Healthcare Revenue Cycle Management, ICD-10, Claims Reimbursement, Medicare, Medicaid

Reimbursement News

$262B of Total Hospital Charges in 2016 Initially Claim Denials

About 9 percent of hospital charges in 2016 were initially claim denials, putting about 3.3 percent of net patient revenue at risk per hospital, a study uncovered.

About 9 percent, or $262 billion, in hospital charges last year were initially claim denials, a study showed

Source: Thinkstock

By Jacqueline LaPointe

- Approximately 9 percent of hospital charges in 2016 were initially claim denials, according to a new Change Healthcare study. As a result, $262 billion out of $3 trillion in claims submitted last year was denied.

The analysis of over 3.3 billion provider transactions from about 724 hospitals in 2016 also revealed that as much as 3.3 percent of net patient revenue at the typical health system was at risk because of claims denials.

The at-risk revenue represented about $4.9 million per hospital in 2016, researchers reported.

The top reason for claim denials according to the analysis was registration and eligibility issues with 23.9 percent of claims being denied by payers for this challenge. Researchers also found the common reasons for claim denials, including:

• Missing or invalid claim data with 14.6 percent of claims

• Authorization and pre-certification issues with 12.4 percent of claims

• Medical documentation requested with 10.8 percent of claims

• Service not covered with 10.1 percent of claims

Other popular claim denial reasons included medical coding and medical necessity problems with 5.8 percent of claims, respectively, and untimely filing and appropriateness of care issues with about 3.5 percent of claims, respectively.

Researchers pointed out that payers denied hospital claims for issues that spanned the hospital revenue cycle. However, the greatest percentage of denials stemmed from front-end processes.

Hospitals and medical groups have reported a significant boost in payer requirements for claims reimbursement.
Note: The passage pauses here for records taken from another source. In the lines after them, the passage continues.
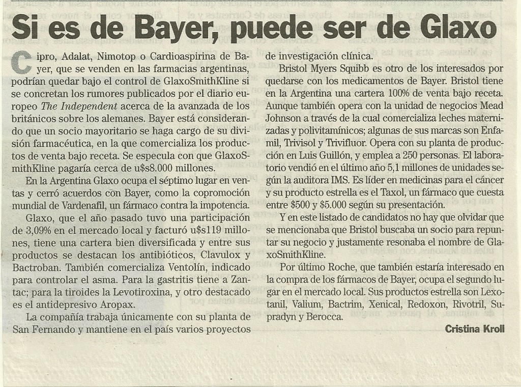 Cipro, Adalat, Nimotop o Cardioaspirina de Bayer, que se venden en las farmacias argentinas, podrían quedar bajo el control de GlaxoSmithKline si se concretan los rumores publicados por el diario europeo The Independent acerca de la avanzada de los británicos sobre los alemanes. Bayer está considerando que un socio mayoritario se haga cargo de su división farmacéutica, en la que comercializa los productos de venta bajo receta. Se especula con que GlaxoSmithKline pagaría cerca de u$s8.000 millones.
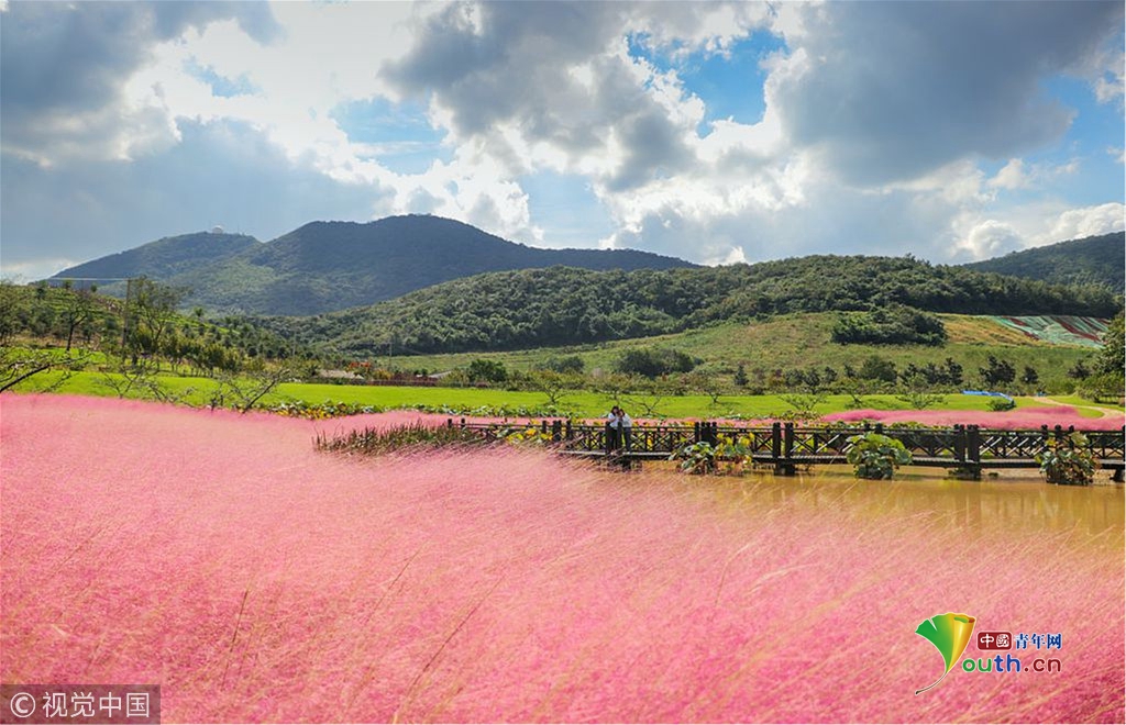 當游客來到這里,立刻被眼前的一片浪漫的粉色所吸引。只見半人高的粉黛亂子草,縹緲如輕煙,搖曳似夢幻,伴著微風(fēng)掀起了一陣陣的波浪。
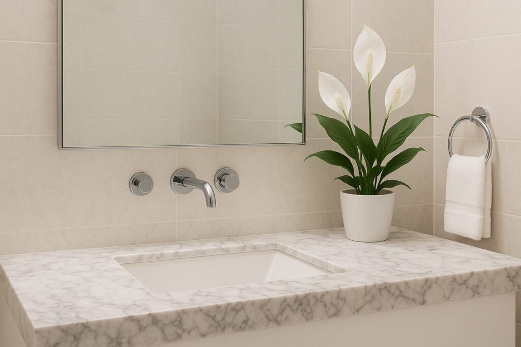 • Exemplo prático: um banheiro com bancada de mármore e um pequeno vaso de lírio-da-paz artificial ao lado do espelho. O branco das flores contrasta com a pedra e transmite sensação de limpeza.
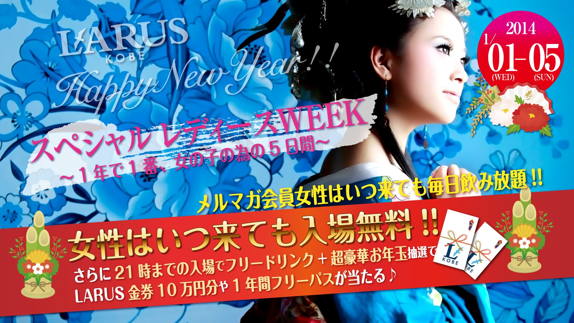 LARUS KOBEは、22時までのご入場で、「毎日 全員入場無料!!」
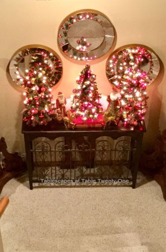 Through the family room door and down the basement stairs is a table with a trio of decorated miniature trees that reflect back in the mirrors above. (I wish these photos were better. This was really just so pretty at night!!!) Standing among the trees is a pair of Father Christmas figurines and gold reindeer.
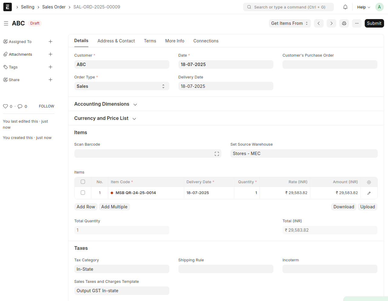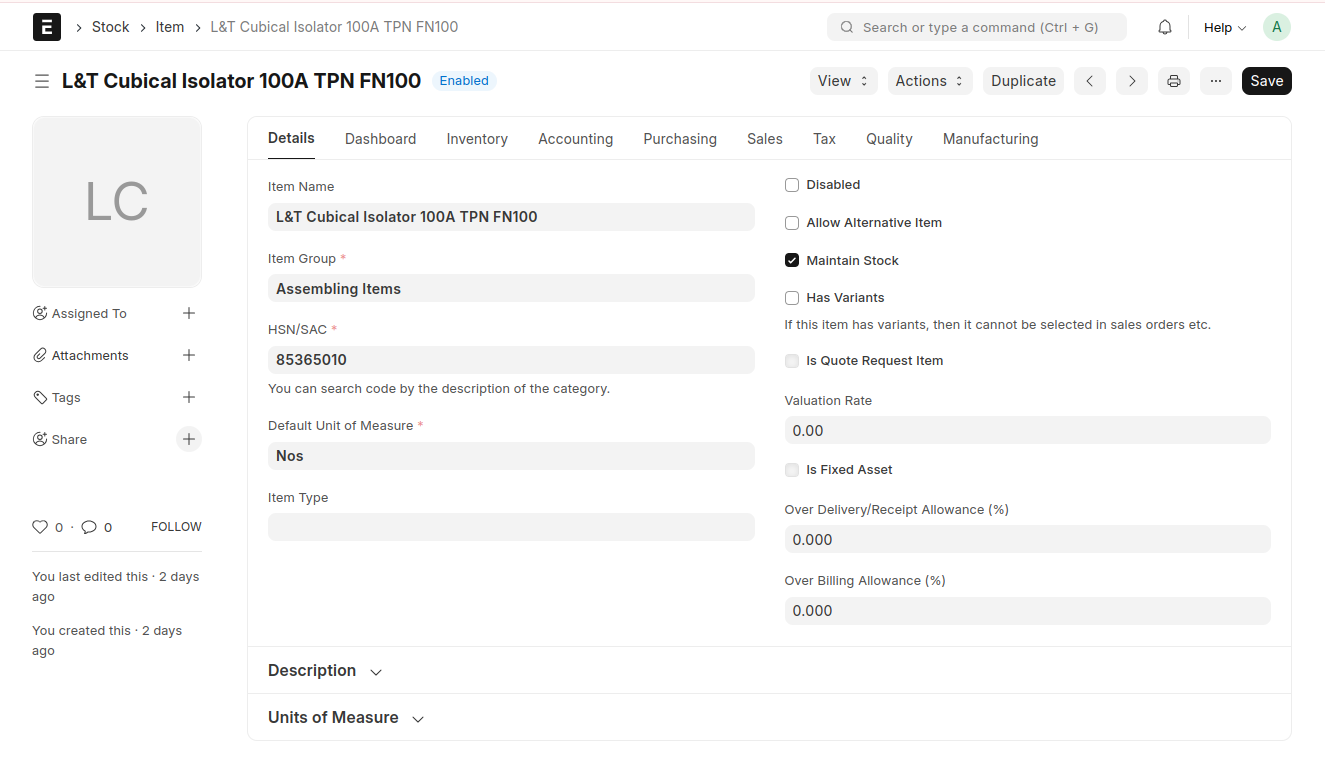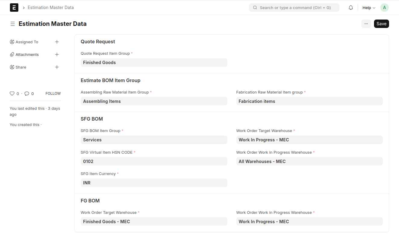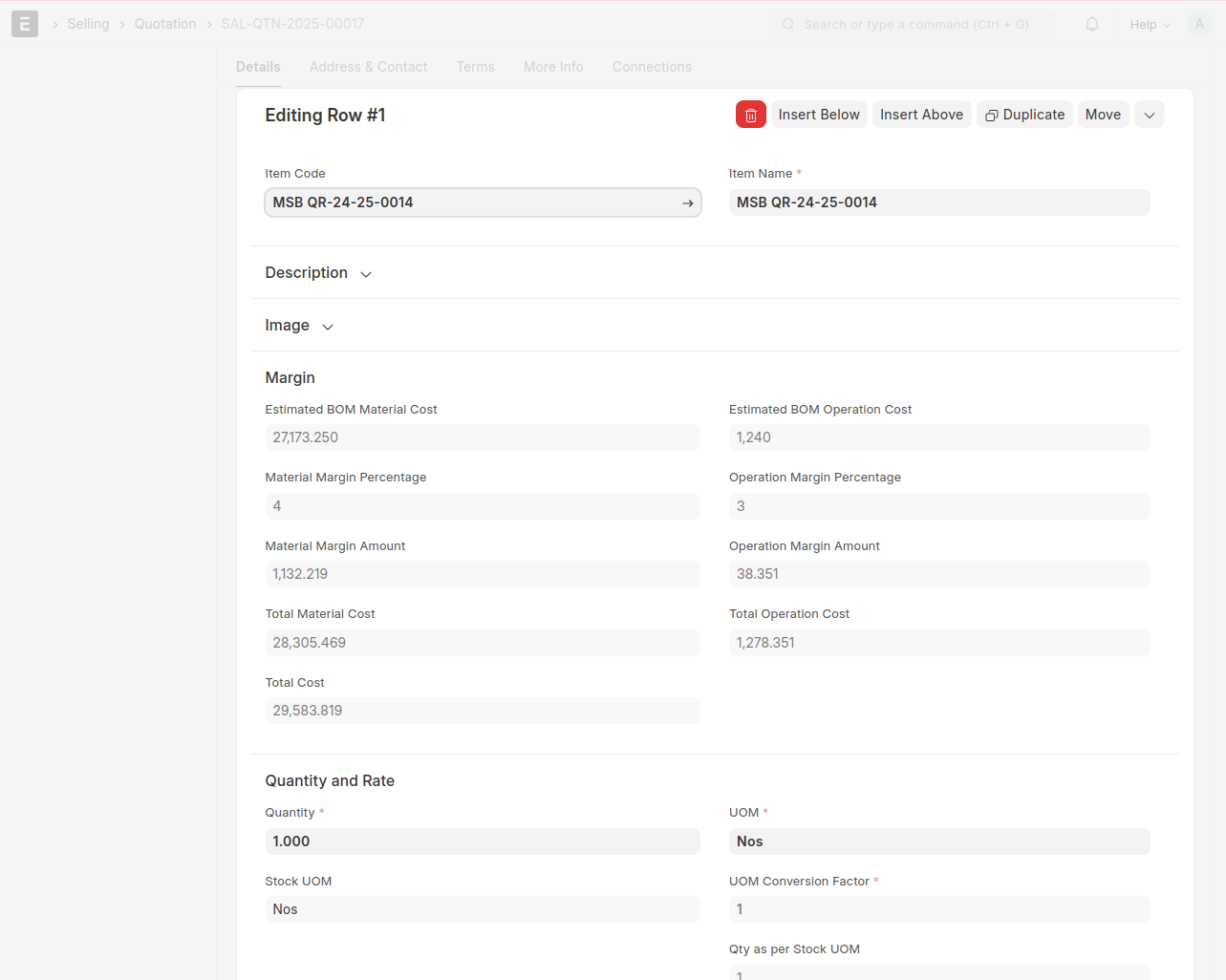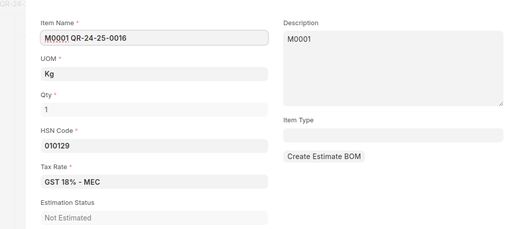 After saving, items will be created based on the details provided in the Quote Request. These items can be viewed in the Item Master
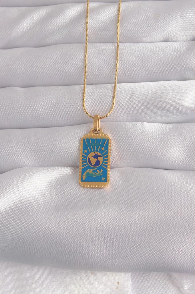 316L Çelik Gold Renk Mavi Mineli El Figür Tarot Kolye - TJ-BKO9040
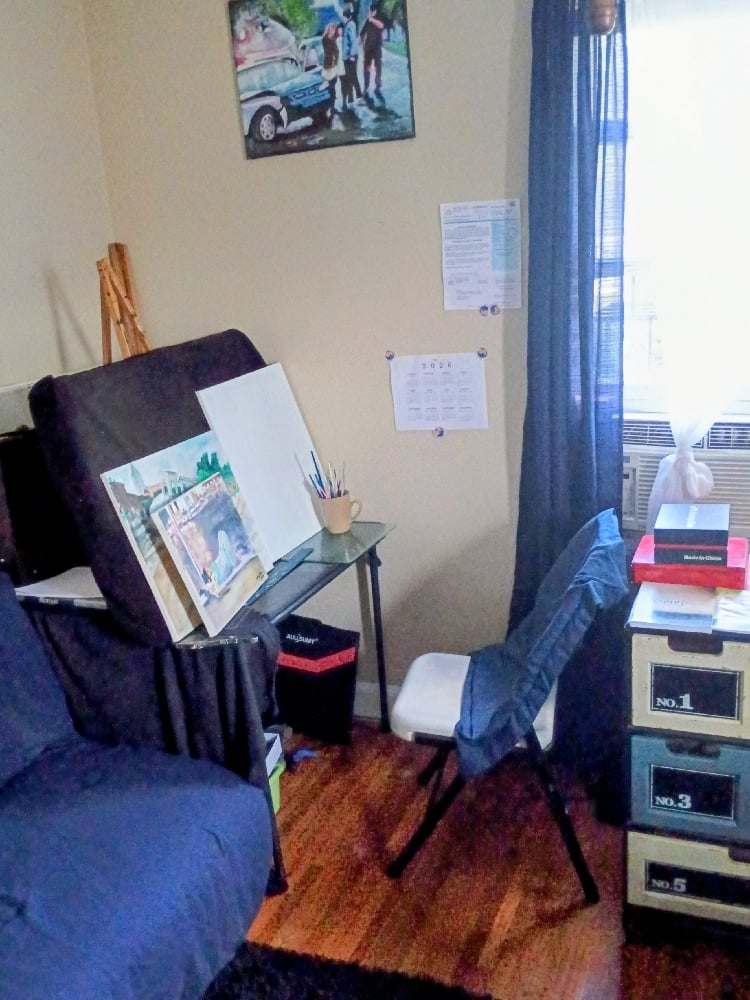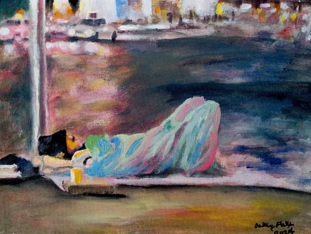 In "Night Watch," the artist employs loose, emotive brushwork to explore the textures of life on the street. The composition is defined by its use of color—soft pinks, deep blues, and warm ambers reflect off the pavement, creating a sense of movement in the background that highlights the stillness of the foreground.The figure, draped in layers of fabric, becomes a study of form and shadow. This piece invites the viewer to pause and reflect on the hidden narratives within our cities, find beauty in the overlooked, and recognize the shared human experience in every corner of the world.
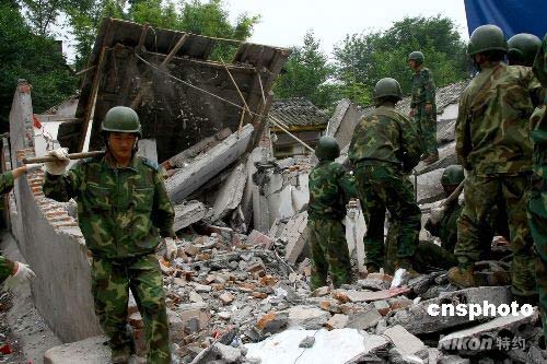 6月8日,中國空降兵某部“常勝模范連”所在團(tuán)官兵,進(jìn)村入戶之后,在四川省什邡市鎣華鎮(zhèn)幫助受災(zāi)群眾清理廢墟,搭建臨時過渡房。中新社發(fā) 譚超 攝
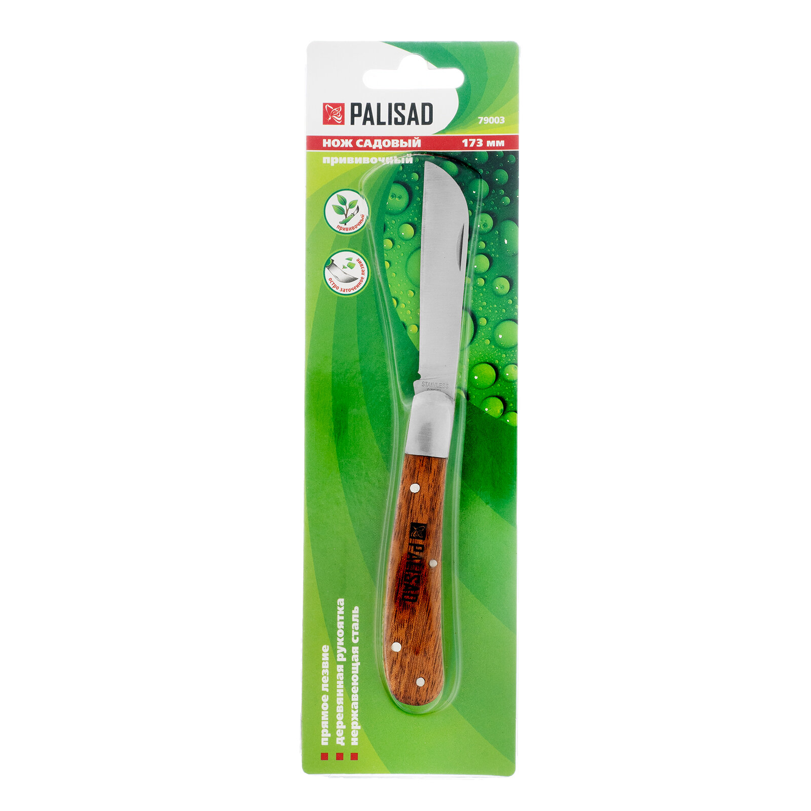 Нож садовый, 173 мм, складной, прямое лезвие, деревянная рукоятка Palisad
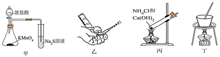9、下列实验操作正确的是( )。A、用图甲证明氧化性 B、图乙操作可排出盛有溶液滴定管尖嘴内的气泡 C、用图丙制备 D、用图丁制备胆矾晶体
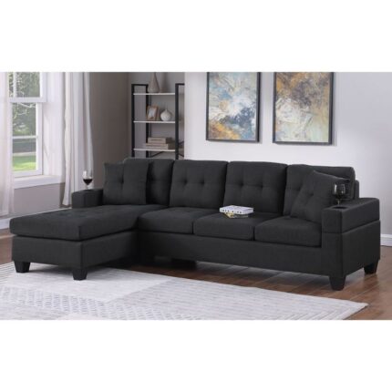 JORDAN Καναπές Σαλονιού Γωνία Αναστρέψιμος, Ύφασμα Μαύρο, Μπράτσα με ποτηροθήκες
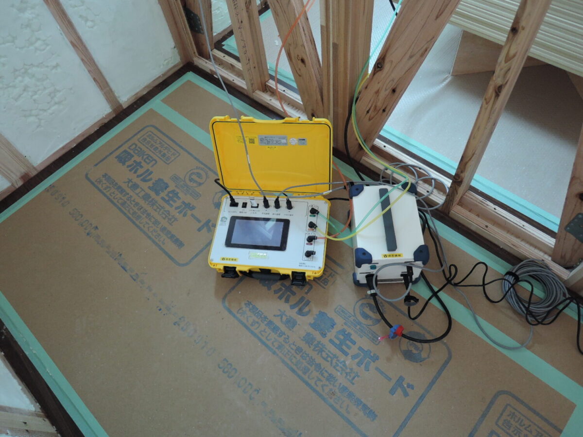 気密測定の際は窓等を完全に締めきる為、夏は中々過酷な環境になりますが、大分測定しやすい季節になってきました。

For example, a recent MGMA poll uncovered that 86 percent of medical practice leaders witnesses an increase in prior authorization requirements over the past year.

Only 3 percent said that their organization experienced a decrease in prior authorization requirements.

Payer requirements, such as prior authorizations, put more pressure on front-end staff to ensure accurate claims reimbursement and minimal claim denials.

While claim denials put hospital patient revenue at risk, the Change Healthcare study found that about 63 percent of denied claims were recoverable.

Although recouping claims reimbursement revenue significantly cost hospitals. A claim denial appeal cost providers about $118 per claim, or up to $8.6 billion in administrative costs nationally.

For hospitals relying on Medicare revenue, claim denials management and appeals were especially challenging. A recent American Hospital Association (AHA) report showed that almost three-quarters of claim denials appealed to an administrative law judge took longer than the statutory 90-day limit for a claim determination.

Consequently, about 26 percent of all claim denials appeals were stuck in the Medicare appeals backlog in the third quarter of 2016.

Hospitals may be patiently waiting for their Medicare reimbursement, but they may not see their claim denial appeals moving through the appeals process anytime soon.

A federal judge ordered HHS to eliminate the Medicare appeals backlog by Dec. 31, 2020. However, the federal department stated that the timeframe was inappropriate and would force the department to “make payment on Medicare claims regardless of the merit of those claims.”

To avoid claim denials and a lengthy, expensive appeals process, Change Healthcare leaders suggested that hospitals implement more automated processes and data analytics solutions.

Automated claim denials management is not common among healthcare organizations. Roughly 31 percent of providers still use a manual claim denials management process, a 2016 HIMSS Analytics survey found.

“Eye-opening insights like these are only possible with advanced analytics and revenue cycle tools that let you identify the root causes of denials, and implement and automate practices that prevent them,” stated Marcy Tatsch, Change Healthcare’s Senior Vice President and General Manager of Reimbursement and Analytics Solutions. “You can’t fix what you can’t see.”

“But by reinventing the revenue cycle with analytics, a hospital can improve its success rate in appealing denied claims and increase how much revenue is recovered—not to mention reducing the number of denials in the first place,” she added.